An example how to count message tokens:
import io.cequence.openaiscala.service.OpenAICountTokensHelper
import io.cequence.openaiscala.domain.{AssistantMessage, BaseMessage, FunctionSpec, ModelId, SystemMessage, UserMessage}
class MyCompletionService extends OpenAICountTokensHelper {
def exec = {
val model = ModelId.gpt_4_turbo_2024_04_09
// messages to be sent to OpenAI
val messages: Seq[BaseMessage] = Seq(
SystemMessage("You are a helpful assistant."),
UserMessage("Who won the world series in 2020?"),
AssistantMessage("The Los Angeles Dodgers won the World Series in 2020."),
UserMessage("Where was it played?"),
)
val tokenCount = countMessageTokens(model, messages)
}
}
An example how to count message tokens when a function is involved:
import io.cequence.openaiscala.service.OpenAICountTokensHelper
import io.cequence.openaiscala.domain.{BaseMessage, FunctionSpec, ModelId, SystemMessage, UserMessage}
class MyCompletionService extends OpenAICountTokensHelper {
def exec = {
val model = ModelId.gpt_4_turbo_2024_04_09
// messages to be sent to OpenAI
val messages: Seq[BaseMessage] =
Seq(
SystemMessage("You are a helpful assistant."),
UserMessage("What's the weather like in San Francisco, Tokyo, and Paris?")
)
// function to be called
val function: FunctionSpec = FunctionSpec(
name = "getWeather",
parameters = Map(
"type" -> "object",
"properties" -> Map(
"location" -> Map(
"type" -> "string",
"description" -> "The city to get the weather for"
),
"unit" -> Map("type" -> "string", "enum" -> List("celsius", "fahrenheit"))
)
)
)
val tokenCount = countFunMessageTokens(model, messages, Seq(function), Some(function.name))
}
}
✔️ Important: After you are done using the service, you should close it by calling service.close
. Otherwise, the underlying resources/threads won't be released.
III. Using adapters
Adapters for OpenAI services (chat completion, core, or full) are provided by OpenAIServiceAdapters. The adapters are used to distribute the load between multiple services, retry on transient errors, route, or provide additional functionality. See examples for more details.

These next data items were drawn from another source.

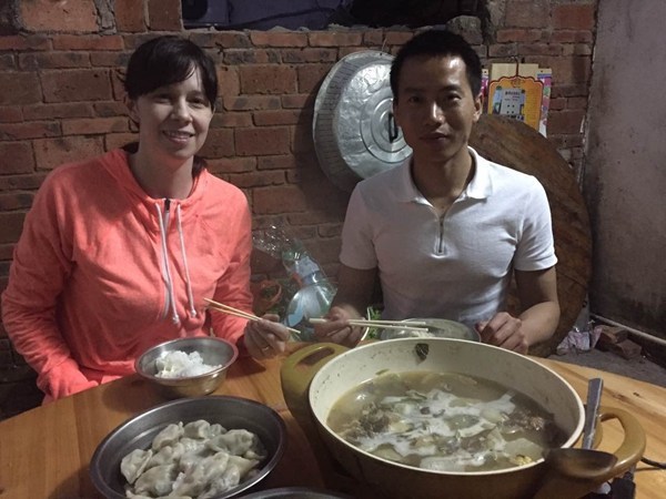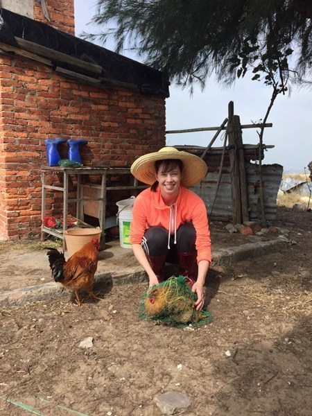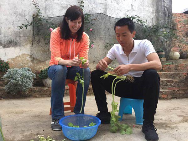 我的婆婆在室外厨房大声喊道:“家梅(音译)!”“家梅”是雷州话,吃饭的意思。湛江地区都讲雷州话,而这句是我唯一熟悉的雷州话。庆幸的是,我丈夫的亲戚大都可以说普通话,因而我跟他们交流也不是什么难题。只有他的小侄子们听不懂我讲话,他们要等到上幼儿园才学习普通话。我丈夫的英语水平很好,比我的中文水平要高,所以每当我无法用中文表达自己的意思时,他就会成为我的私人翻译。图为杰茜卡和“病号”母鸡合影。
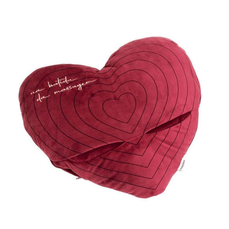 Em formato de coração e contando com a frase na batida da massagem bordada em off-white, além de te ajudar a relaxar curtindo um momento de autocuidado só seu, ela também é uma ótima opção de presente criativo e afetivo para surpreender aquela pessoa querida.
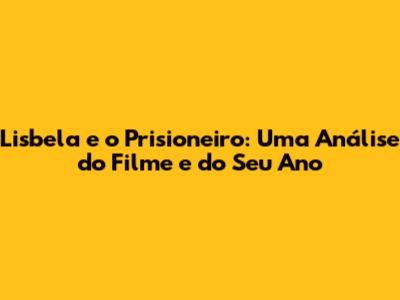 Lisbela E O Prisioneiro: Uma Análise Do Filme E Do Seu Ano
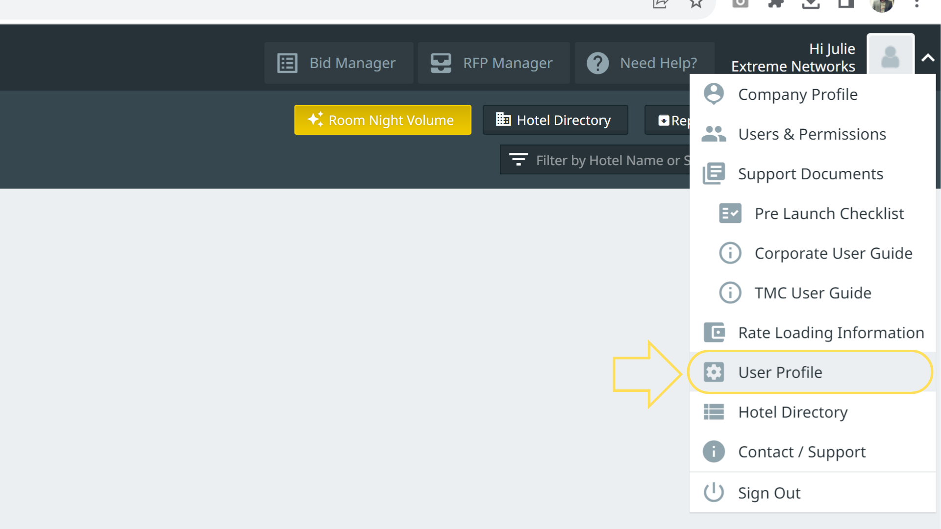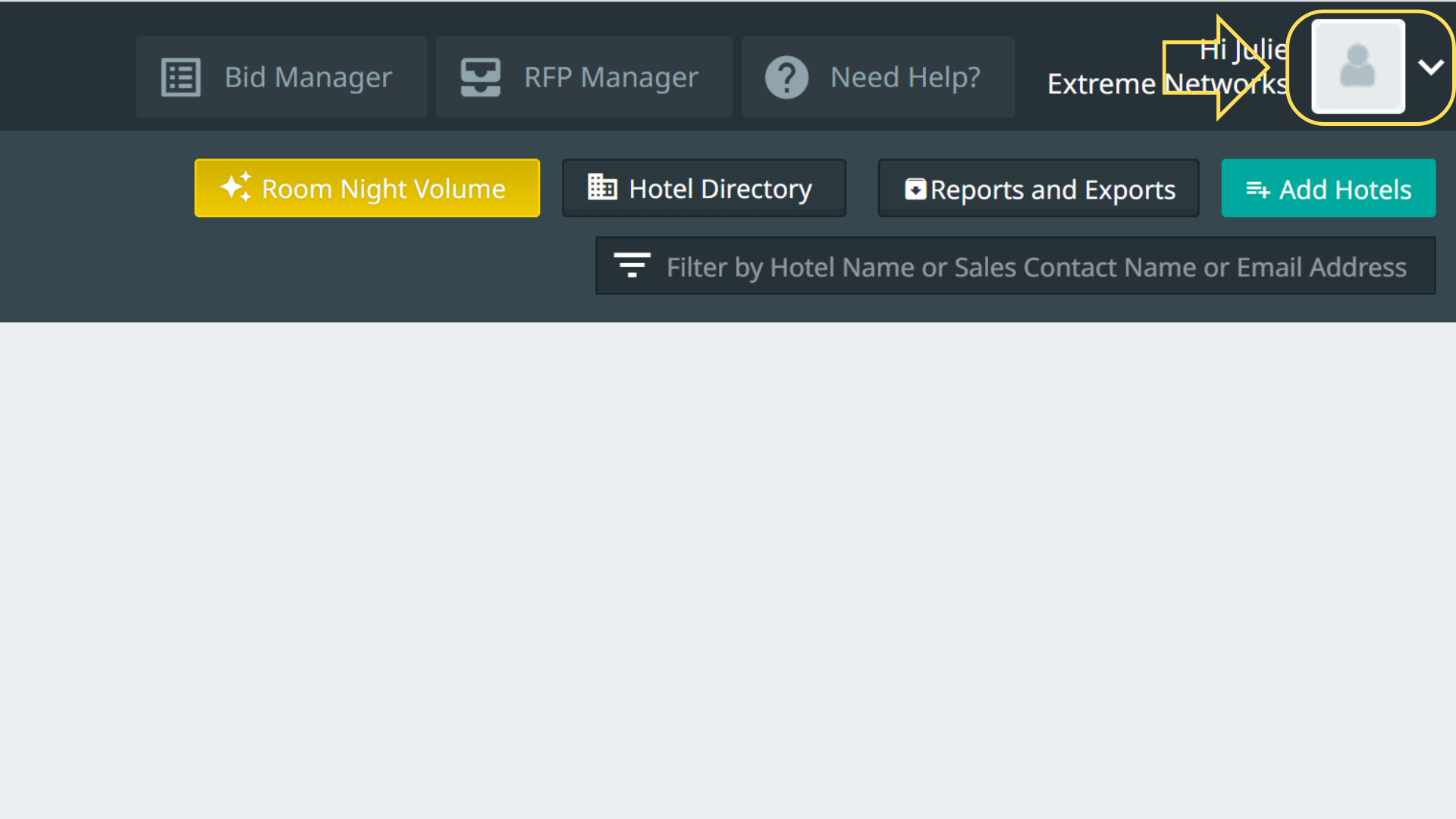 1. From your bid manager, click on your user icon at the very top right part of your screen.
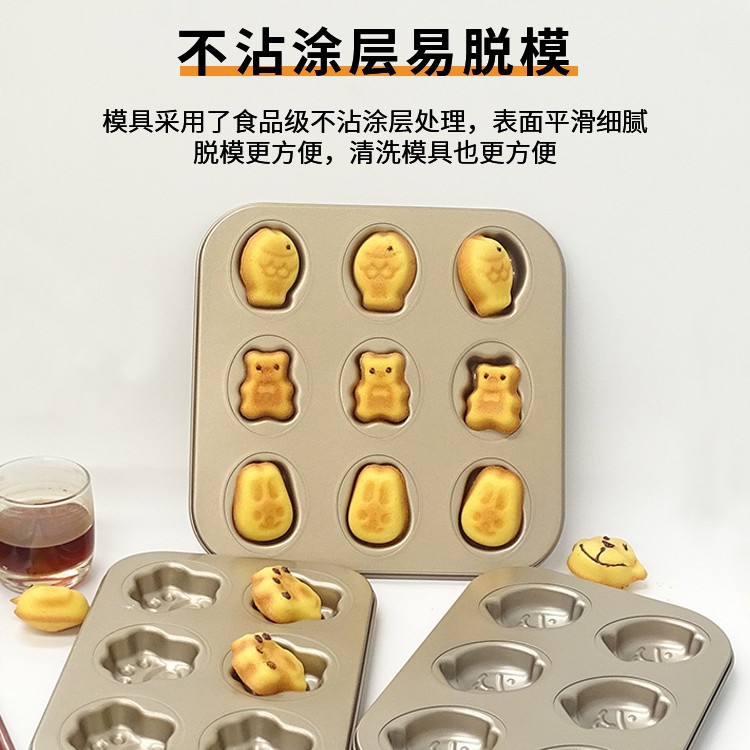 甜甜圈模具卡通动物儿童猫爪9连马芬小蛋糕烤盘烘焙家用烤箱工具
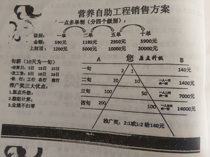 根據(jù)江彤的講述及其推薦的銷(xiāo)售體系講解視頻,記者了解到,消費(fèi)者加入銷(xiāo)售的方式共有兩種,即成為“站點(diǎn)”或者“站長(zhǎng)”。每個(gè)“站點(diǎn)”可將自己的“下線”劃分為AB兩個(gè)區(qū),在個(gè)人所處的點(diǎn)位往下,按照AB區(qū)開(kāi)單數(shù)量進(jìn)行比對(duì),有多少個(gè)2:1或者1:2,“公司就給多少個(gè)140元。”換句話說(shuō),每賣(mài)出三單,能獲得140元獎(jiǎng)勵(lì)。如果介紹的人夠多,還可以形成大區(qū),獲利更多,“這才是大錢(qián)。比如我這一天賣(mài)出去10單1:2或者2:1,這一天我就收獲1400元。”視頻中,一位工作人員進(jìn)一步舉例,“假設(shè)在你的點(diǎn)位之下,你介紹甲吃(買(mǎi))了590元,又介紹乙吃了590元,也可以介紹丙也吃了590元,又或者丙是甲或乙介紹的,這都無(wú)所謂,只要在你點(diǎn)位往下,不管是張三干(賣(mài))的,還是李四王五干的,與你全有業(yè)績(jī)關(guān)系。(可以)將甲乙放在A區(qū),丙在B區(qū),兩個(gè)區(qū)2:1,就形成(賺)了140元。”
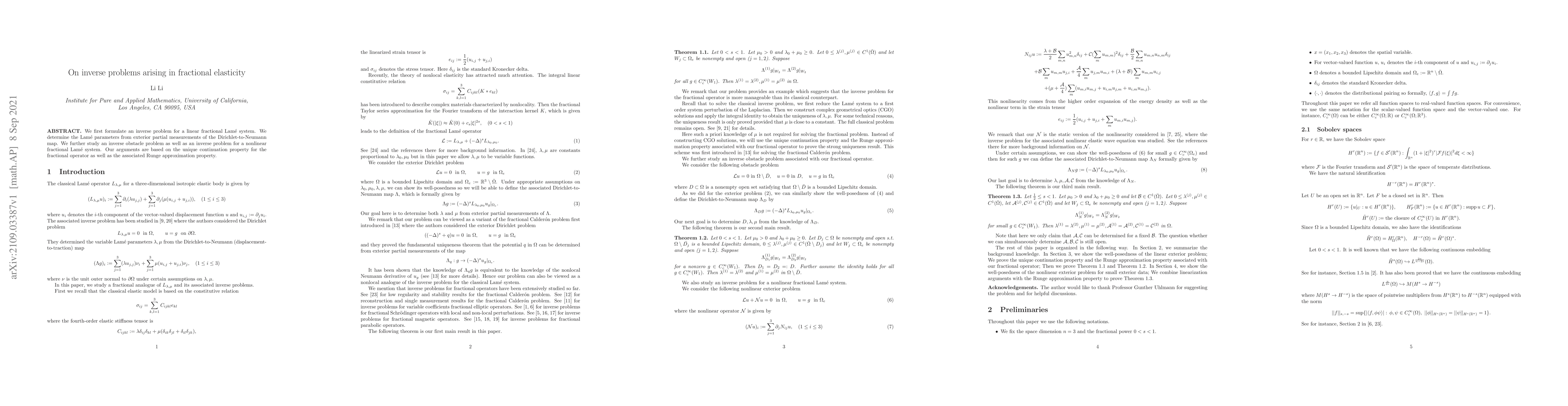 We first formulate an inverse problem for a linear fractional Lam\'e system. We determine the Lam\'e parameters from exterior partial measurements of the Dirichlet-to-Neumann map. We further study an inverse obstacle problem as well as an inverse problem for a nonlinear fractional Lam\'e system. Our arguments are based on the unique continuation property for the fractional operator as well as the associated Runge approximation property.
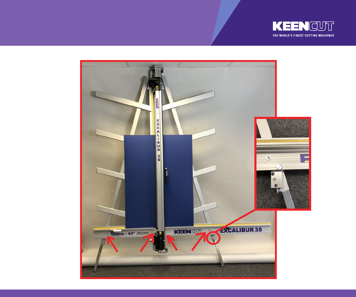 1. Slacken the two screws (A) joining the squaring arm to the two legs.
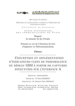 Ce document présente un projet de fin d'études sur la conception et l'implémentation d'indicateurs clés de performance pour le réseau GSM, réalisé au sein de l'entreprise Tunisiana. Il propose une approche de suivi des performances du réseau à partir de captures effectuées sur l'interface A, ainsi qu'un outil pour l'implémentation de ces indicateurs. Des validations et études de cas réels complètent le projet.
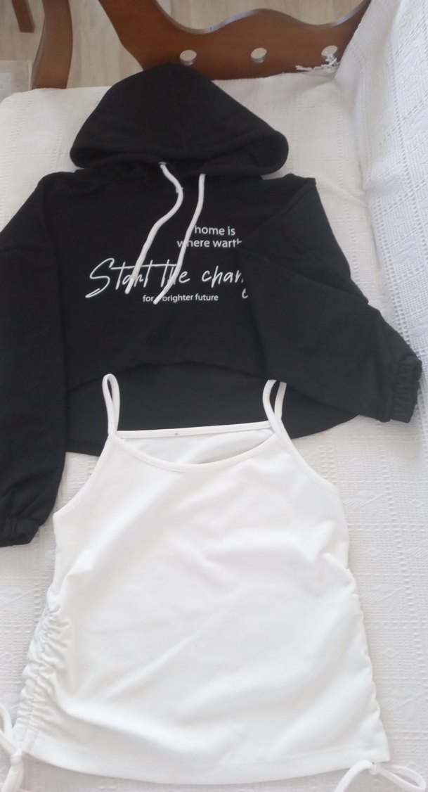 Beyaz atlet ve siyah kapüşonlu crop sweat shirt takım kız çocuk
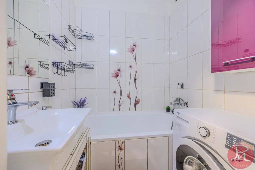 Byt má praktickou dispozici se dvěma samostatnými pokoji, oddělenou kuchyní, koupelnou s vanou, samostatnou toaletou a prostornou vstupní chodbou s dostatkem místa pro úložné řešení. Díky svému uspořádání je byt světlý, vzdušný a působí velmi příjemným dojmem.
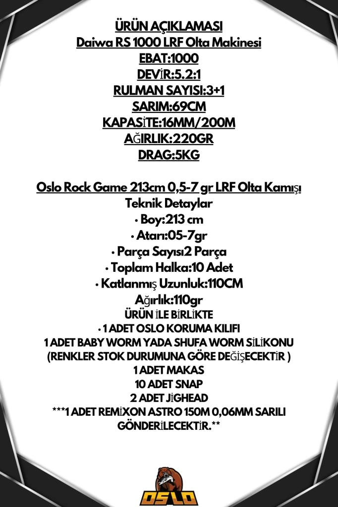 Oslo Rock Game 213cm 0,5-7gr Daiwa Rs 1000 Lrf 8 Örgü Olta Seti Standart
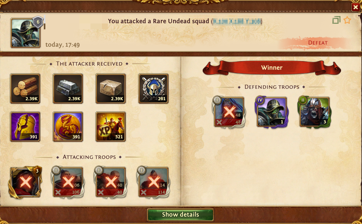It's important to understand that you only get rewards for fighting monsters when your troops defeat at least one enemy unit.
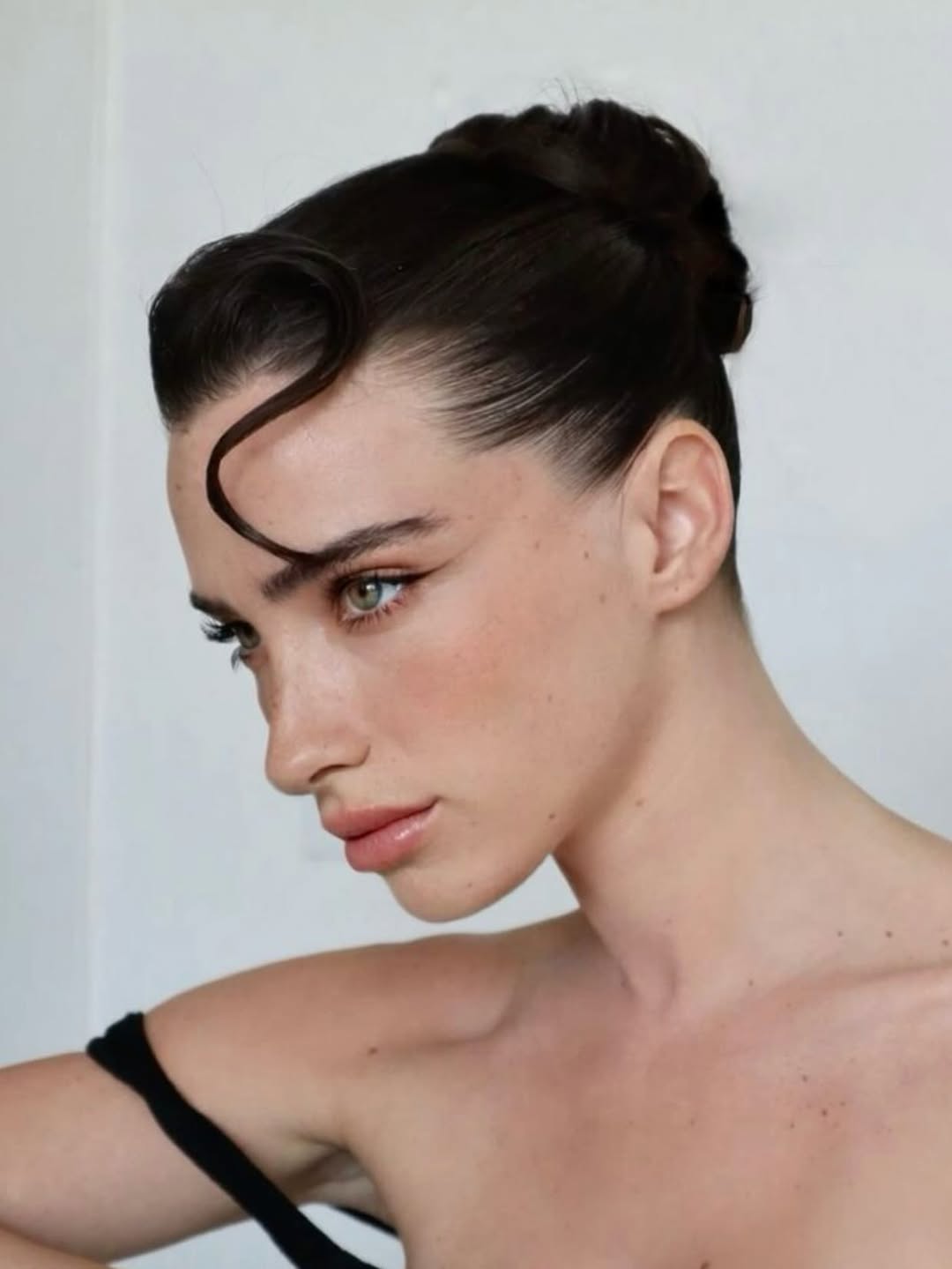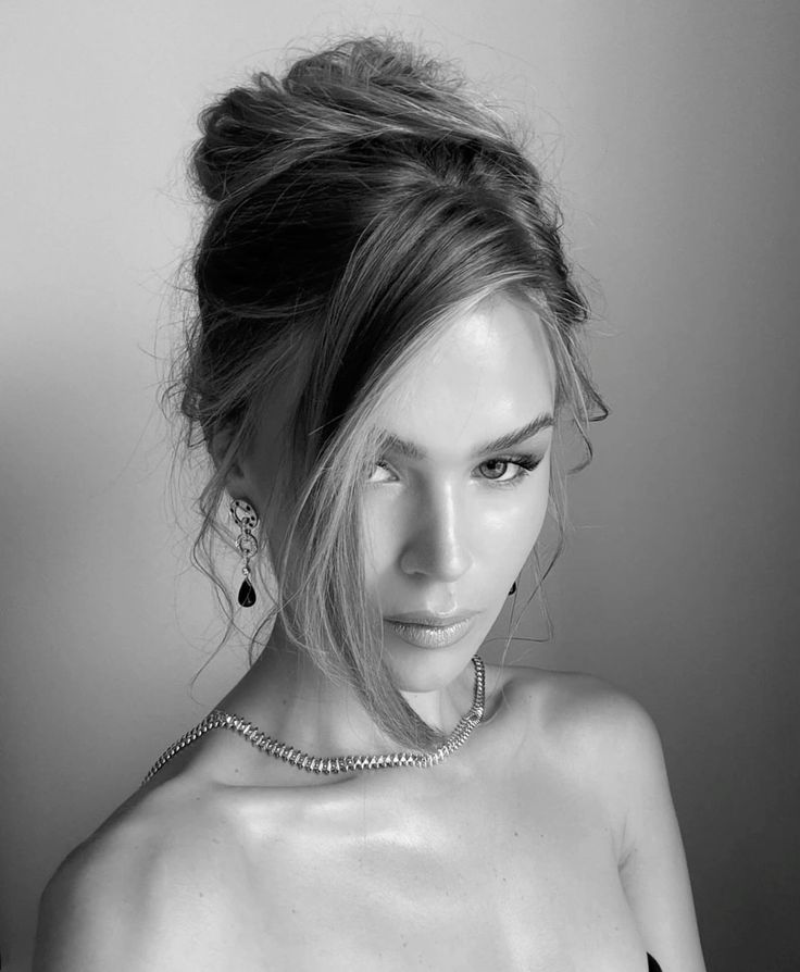 Мягкие локоны у лица смягчают строгость высокой прически и добавляют романтичности, при этом все также оставляя акцент на плечах и ключицах. Главное — сохранить гладкость свободных прядей у лица с помощью воска для волос или спрея сильной фиксации. Излишняя пушистость будет выглядеть неопрятно.

Note that the adapters can be arbitrarily combined/stacked.
- Round robin load distribution
val adapters = OpenAIServiceAdapters.forFullService
val service1 = OpenAIServiceFactory("your-api-key1")
val service2 = OpenAIServiceFactory("your-api-key2")
val service = adapters.roundRobin(service1, service2)
- Random order load distribution
val adapters = OpenAIServiceAdapters.forFullService
val service1 = OpenAIServiceFactory("your-api-key1")
val service2 = OpenAIServiceFactory("your-api-key2")
val service = adapters.randomOrder(service1, service2)
- Logging function calls
val adapters = OpenAIServiceAdapters.forFullService
val rawService = OpenAIServiceFactory()
val service = adapters.log(
rawService,
"openAIService",
logger.log
)
- Retry on transient errors (e.g. rate limit error)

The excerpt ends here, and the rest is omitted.